John Eliot Coit (March 9, 1880 – June 4, 1976) was an American professor specializing in the horticultural fields of avocado, citrus and carob, and second curator of University of California Citrus Variety Collection

==Early life==
John Eliot Coit was reared in Texas and North Carolina. He spent much of his early life learning the fundamentals of agriculture on experimentally level, with shovel and hoe.

He entered the North Carolina State University College of Agriculture and Life Sciences in 1899, graduating in agriculture in 1903.

==Career==
Soon he became assistant professor of Pomology, University of California at the Whittier Pathological Laboratory and at the University of California Citrus Experiment Station, in Riverside, California. He was Superintendent of the Citrus Experiment Station at Mount Rubidoux in 1911–1912, and in that position was instrumental in selecting the site of the present Citrus Research Center and Experiment Station at Riverside.

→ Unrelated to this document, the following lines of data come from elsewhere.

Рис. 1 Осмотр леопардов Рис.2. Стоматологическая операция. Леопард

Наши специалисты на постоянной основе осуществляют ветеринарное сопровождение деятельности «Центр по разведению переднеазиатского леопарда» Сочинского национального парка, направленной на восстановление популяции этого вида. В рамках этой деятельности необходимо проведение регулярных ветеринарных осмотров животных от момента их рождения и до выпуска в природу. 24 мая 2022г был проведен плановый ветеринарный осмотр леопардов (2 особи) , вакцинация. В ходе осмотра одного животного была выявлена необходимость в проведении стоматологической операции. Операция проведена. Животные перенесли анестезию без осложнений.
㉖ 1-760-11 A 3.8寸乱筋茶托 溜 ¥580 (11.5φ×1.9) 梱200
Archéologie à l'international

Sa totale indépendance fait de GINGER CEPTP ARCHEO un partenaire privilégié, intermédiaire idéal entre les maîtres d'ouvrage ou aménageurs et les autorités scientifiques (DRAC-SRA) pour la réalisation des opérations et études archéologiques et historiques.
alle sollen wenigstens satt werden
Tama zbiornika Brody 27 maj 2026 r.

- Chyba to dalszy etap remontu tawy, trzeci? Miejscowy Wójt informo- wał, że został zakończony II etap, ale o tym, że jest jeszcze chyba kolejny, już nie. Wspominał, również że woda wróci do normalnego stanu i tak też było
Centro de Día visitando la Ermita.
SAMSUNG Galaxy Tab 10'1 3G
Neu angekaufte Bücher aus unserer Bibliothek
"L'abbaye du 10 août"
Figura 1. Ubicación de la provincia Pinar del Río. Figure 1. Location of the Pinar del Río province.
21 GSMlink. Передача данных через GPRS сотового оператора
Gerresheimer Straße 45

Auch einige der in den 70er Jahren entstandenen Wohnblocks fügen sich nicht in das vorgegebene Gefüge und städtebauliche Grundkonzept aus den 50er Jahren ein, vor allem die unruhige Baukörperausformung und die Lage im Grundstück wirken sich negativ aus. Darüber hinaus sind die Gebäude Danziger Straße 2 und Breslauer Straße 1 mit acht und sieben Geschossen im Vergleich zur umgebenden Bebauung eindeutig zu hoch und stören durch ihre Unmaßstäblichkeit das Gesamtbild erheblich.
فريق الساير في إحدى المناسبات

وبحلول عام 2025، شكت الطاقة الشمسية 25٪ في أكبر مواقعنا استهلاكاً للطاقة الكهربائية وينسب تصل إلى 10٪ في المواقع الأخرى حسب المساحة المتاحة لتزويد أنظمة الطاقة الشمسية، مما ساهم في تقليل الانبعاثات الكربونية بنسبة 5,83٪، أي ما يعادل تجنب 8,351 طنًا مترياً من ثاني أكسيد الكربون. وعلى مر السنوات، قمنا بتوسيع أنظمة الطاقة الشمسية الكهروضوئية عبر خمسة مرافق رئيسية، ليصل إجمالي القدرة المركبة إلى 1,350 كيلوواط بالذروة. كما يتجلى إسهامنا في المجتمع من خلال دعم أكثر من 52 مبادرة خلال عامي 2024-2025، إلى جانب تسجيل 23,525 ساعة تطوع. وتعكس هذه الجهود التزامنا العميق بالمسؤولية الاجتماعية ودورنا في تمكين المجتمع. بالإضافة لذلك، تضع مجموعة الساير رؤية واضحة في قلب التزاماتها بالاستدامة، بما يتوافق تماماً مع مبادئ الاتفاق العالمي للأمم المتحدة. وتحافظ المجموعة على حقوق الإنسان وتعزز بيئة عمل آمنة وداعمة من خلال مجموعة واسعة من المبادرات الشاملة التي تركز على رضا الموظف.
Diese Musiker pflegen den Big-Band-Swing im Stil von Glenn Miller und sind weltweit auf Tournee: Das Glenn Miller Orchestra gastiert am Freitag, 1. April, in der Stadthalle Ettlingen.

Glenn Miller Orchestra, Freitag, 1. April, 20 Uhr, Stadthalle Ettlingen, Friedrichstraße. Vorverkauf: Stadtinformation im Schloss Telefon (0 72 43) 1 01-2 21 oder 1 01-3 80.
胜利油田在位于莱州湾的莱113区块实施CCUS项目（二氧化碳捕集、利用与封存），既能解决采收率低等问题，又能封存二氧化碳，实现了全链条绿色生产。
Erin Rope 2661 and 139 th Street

From 1913 to 1917, Coit was Professor of Citriculture, University of California, Berkeley. Farm Advisor, Los Angeles County, 1917 to 1919. In 1919 he founded the "Coit Agricultural Service" and is today continuing in this line of service.

Among agricultural organizations, Coit has served as director of the Sierra Madre Lamanda Citrus Association, the California Avocado Association in 1915 and again from 1923 to 1947, and served as president three terms. In 1924 he helped organize the California Avocado Growers Association (now Calavo) and served as director until 1944.

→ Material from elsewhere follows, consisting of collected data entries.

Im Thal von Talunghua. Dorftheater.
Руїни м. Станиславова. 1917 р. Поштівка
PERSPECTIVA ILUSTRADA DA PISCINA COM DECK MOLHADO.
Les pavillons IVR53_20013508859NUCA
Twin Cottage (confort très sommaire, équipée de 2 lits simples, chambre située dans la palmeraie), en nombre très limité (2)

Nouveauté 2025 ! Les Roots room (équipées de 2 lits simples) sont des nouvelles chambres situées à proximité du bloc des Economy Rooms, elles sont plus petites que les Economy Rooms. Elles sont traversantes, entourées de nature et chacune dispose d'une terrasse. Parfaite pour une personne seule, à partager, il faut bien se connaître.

Coit's literary accomplishments have been valuable contributions both as technical and of a popular nature. He served as editor of the California Avocado Society Yearbook from 1932 until 1948. He also authored the "Citrus fruits" book, which is an account of the citrus fruit industry, with special reference to California requirements and practices (Jan 1, 1915), and "A peony check-list" including the leading varieties of peonies of which authentic descriptions can be found in horticultural literature... (Jan 1, 1907)

==Awards==
Dr. Coit has received honorary awards including: Fellow, American Association for the Advancement of Science. Sigma Xi, Cornell University 1905, and is a member of Alpha Zeta and Gamma Alpha. He received the first Award of Honor from the California Avocado Society and was presented with a Special Award of Honor in 1956, and in 1963 was made director emeritus by the Board in appreciation of his many contributions to the industry.

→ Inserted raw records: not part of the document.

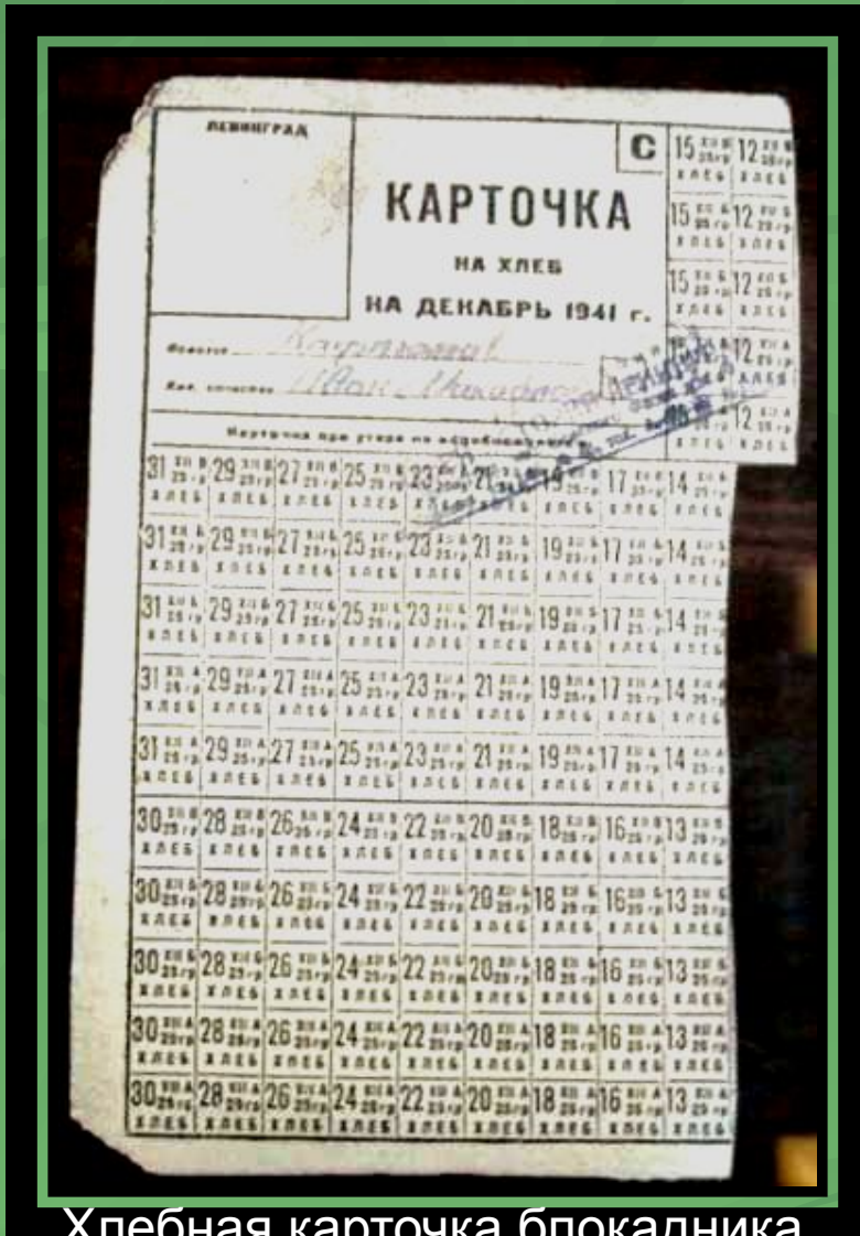
Хлебная карточка блокадника
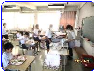
6年生 お代わり風景
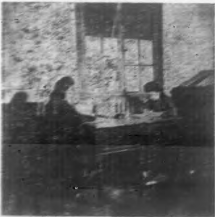
↓編輯部是工作緊張
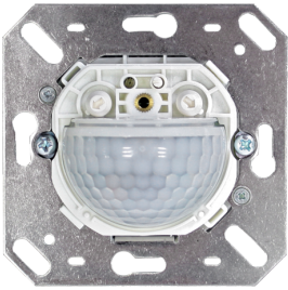
Indoor 180-R-11-48V-RR burkolatot nem tartalmazza Cikkszám: 92667

A csomag műszaki specifikációnak megfelelő megkapásához kérjük, rendelje meg a felsorolt tételeket.

The following from the 1939 Yearbook of the California Avocado Society, is a succinct statement of the service of John Eliot Coit to the avocado industry:

Dr. J. Eliot Coit is truly "The Father of the California Avocado Industry." From its babyhood or the time when growing avocados was a hobby, through adolescence or the transitional period into maturity as a full fledged industry Dr. Coit has been its able and watchful parent. Long after his name will have been forgotten, consumers in New York as well as growers in California will unknowingly feel Dr. Coit's influence.

No other individual deserves to be called "The father of the California Avocado Industry" than Dr. J. Eliot Coit. – California Avocado Society 1976 Yearbook 60: 11-13

== Personal life ==
John Eliot Coit married Emilie A. Hanna in 1907 at Durham, North Carolina. They had three girls: Eleanor, Frances and Lucy. His first wife died August 10, 1924. In 1926 Coit was married to Luise Gait Viney of Pasadena. His second wife died on August 25, 1962.